Another account said all other accounts are fake and inadvertently spilled the tea by saying “Every one [sic] is making these account [sic] for followers.”
Another account used the same blueprint of offering donations, but used the flag of Sudan as its profile image and included a link to the Sudan Knowledge website.
Another account calling itself Sudan Meal Foundation followed the same blueprint but used a different color scheme and a different image.
I also found a “care_for_sudan” account promoting itself on one of the copycat Sudan Meal Project accounts.
Unlike the Sudan Meal Project accounts, the “care_for_sudan” account linked to a GoFundMe page that claimed funds are needed to help send missionaries to Sudan. This fundraiser has not been verified and I do not know if the fundraiser itself was put together by the Instagram account owner, or was just merely an effort to seem legitimate. The account still promoted the Sudan Meal Project message along with a “1 Share = 1 Meal” message.
I found another Instagram account that followed the Sudan Meal Project blueprint, but took it a step further by adding a PayPal link on its profile, in an effort to scam users out of money, not just a follow.
Another account offering to “Help Sudan” said it would donate $10 for every repost received to charities helping in Sudan.
Sudan Awareness Accounts
While investigating the Sudan Meal Project copycats, I discovered another account called “sudanawarenesshelp” that appeared to have run its course, as it had no posts, but managed to amass 245,000 followers over an unknown period of time. It is possible this account preceded or was operating at the same time as the Sudan Meal Project account.
There are other Sudan Awareness accounts, some that follow a similar approach to the Sudan Meal Project’s message. It’s possible that the negative association with Sudan Meal Project may have prompted some of the scammers to change their messaging.
The Sudan Awareness Project claimed for every story repost, it would donate $1 USD to the Sudanese Relief Fund, which references the Sudan Relief Fund, a 501(c)(3) nonprofit organization that has been around for over two decades.

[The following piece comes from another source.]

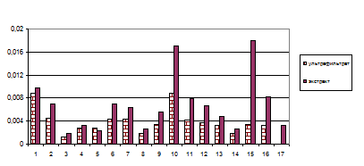 Рис. 3. Содержание аминокислот в ультрафильтрате и экстракте из листьев стевии: аргинин (1), лизин (2), тирозин (3), фенилаланин (4), гистидин (5), лейцин (6), изолейцин (7), метионин (8), валин (9), пролин (10), треонин (11), серин (12), аланин (13), глицин (14), глутаминовая кислота (15), аспарагиновая кислота (16), цистин (17).

Another account called “blue.sudan.official,” which has over 1,000 followers, itself claimed to be a 501c3 and is associated with the website sudanawareness.org. I can confirm this website does not exist.
Pivoting Away From Sudan Meal Project and Awareness Accounts
The end goal behind these Sudan Meal Project and Sudan Awareness accounts is simple: amass enough followers to ultimately perform an account pivot. This means the account owners change the username, full name, profile image and posts. This can be done either from scratch with no followers, or by taking an existing account and trying to increase its existing follower counts by trying to masquerade as a Sudan Meal Project type of account before pivoting back to the original account. A pivoted account is valuable because it has amassed more followers, and while not every account gains thousands of followers, to some, even a modest increase of hundreds of followers helps them increase their audience. Operators of an account that is able to gain thousands of followers can pivot the account for themselves or put it up for sale on an underground forum, where it can be sold to someone who needs an Instagram account with a built-in following.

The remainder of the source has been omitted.